#### Task to carry out
Please repeat the lines below exactly. Begin with the line containing "Te KO2 is the" and go on through the line containing "view, white, wooden".

#### Supplied material
━━━

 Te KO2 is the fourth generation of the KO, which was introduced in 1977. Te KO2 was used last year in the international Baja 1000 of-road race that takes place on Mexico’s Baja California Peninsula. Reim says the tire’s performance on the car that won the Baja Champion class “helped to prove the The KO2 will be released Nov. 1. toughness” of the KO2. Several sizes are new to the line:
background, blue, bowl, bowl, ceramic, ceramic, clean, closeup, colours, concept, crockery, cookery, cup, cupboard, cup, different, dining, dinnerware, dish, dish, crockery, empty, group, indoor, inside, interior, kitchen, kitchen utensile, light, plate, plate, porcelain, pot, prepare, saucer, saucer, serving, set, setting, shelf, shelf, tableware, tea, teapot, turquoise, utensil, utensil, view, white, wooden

━━━

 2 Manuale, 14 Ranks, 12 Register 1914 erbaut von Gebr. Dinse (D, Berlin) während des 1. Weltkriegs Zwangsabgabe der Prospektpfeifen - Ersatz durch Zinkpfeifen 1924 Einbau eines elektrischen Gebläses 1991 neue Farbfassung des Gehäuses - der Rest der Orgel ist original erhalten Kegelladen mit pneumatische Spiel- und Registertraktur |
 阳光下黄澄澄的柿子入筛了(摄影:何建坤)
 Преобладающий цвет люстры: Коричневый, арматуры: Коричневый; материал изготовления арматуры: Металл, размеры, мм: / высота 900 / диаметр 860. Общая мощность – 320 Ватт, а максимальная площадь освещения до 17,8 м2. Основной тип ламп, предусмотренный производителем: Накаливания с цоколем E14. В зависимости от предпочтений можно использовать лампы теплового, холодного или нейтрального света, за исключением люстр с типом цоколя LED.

━━━

#### Result for this task
 Te KO2 is the fourth generation of the KO, which was introduced in 1977. Te KO2 was used last year in the international Baja 1000 of-road race that takes place on Mexico’s Baja California Peninsula. Reim says the tire’s performance on the car that won the Baja Champion class “helped to prove the The KO2 will be released Nov. 1. toughness” of the KO2. Several sizes are new to the line:
background, blue, bowl, bowl, ceramic, ceramic, clean, closeup, colours, concept, crockery, cookery, cup, cupboard, cup, different, dining, dinnerware, dish, dish, crockery, empty, group, indoor, inside, interior, kitchen, kitchen utensile, light, plate, plate, porcelain, pot, prepare, saucer, saucer, serving, set, setting, shelf, shelf, tableware, tea, teapot, turquoise, utensil, utensil, view, white, wooden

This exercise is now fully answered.